[What is expected] Output exactly, and only, the lines below from the one with "阅兵现场的05式两栖突击车排成第二装备方阵接受检阅" down to the one with "- Baffled Oil". Include both end lines and no pictures.

[Material for this exercise]
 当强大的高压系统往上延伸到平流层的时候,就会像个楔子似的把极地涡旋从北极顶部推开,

---

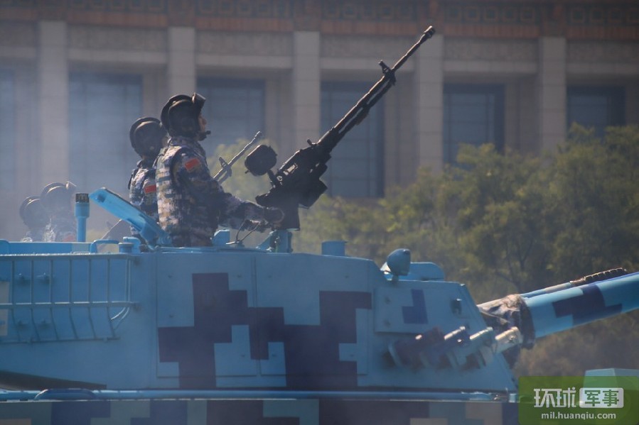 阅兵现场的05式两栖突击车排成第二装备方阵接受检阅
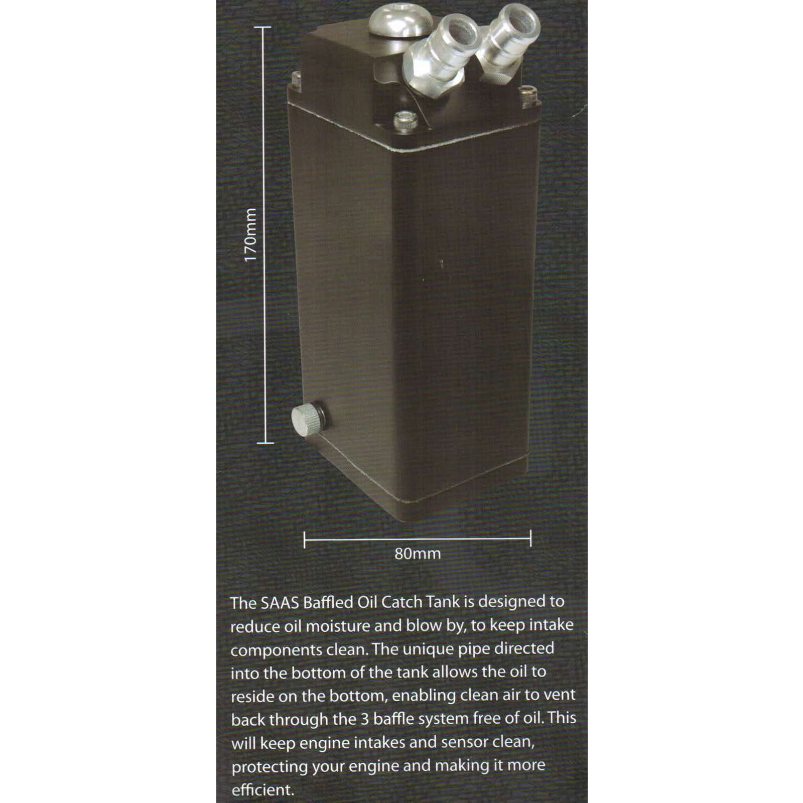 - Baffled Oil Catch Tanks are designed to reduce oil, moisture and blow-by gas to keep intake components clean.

...

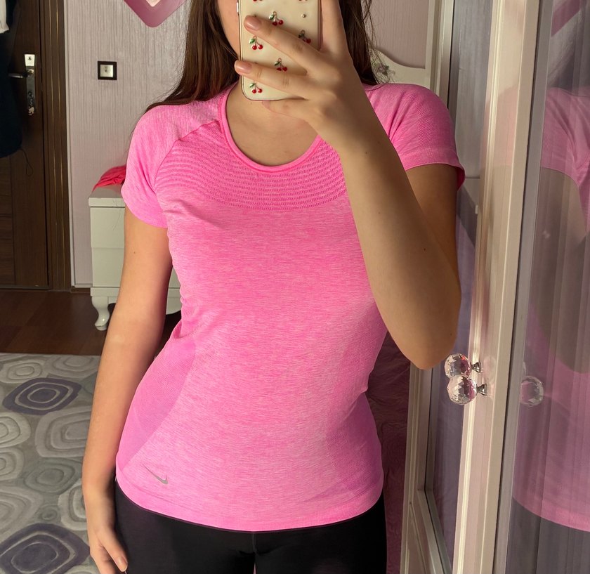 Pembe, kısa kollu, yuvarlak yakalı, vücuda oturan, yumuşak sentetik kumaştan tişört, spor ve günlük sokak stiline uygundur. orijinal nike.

[Task response]
 阅兵现场的05式两栖突击车排成第二装备方阵接受检阅
 - Baffled Oil Catch Tanks are designed to reduce oil, moisture and blow-by gas to keep intake components clean.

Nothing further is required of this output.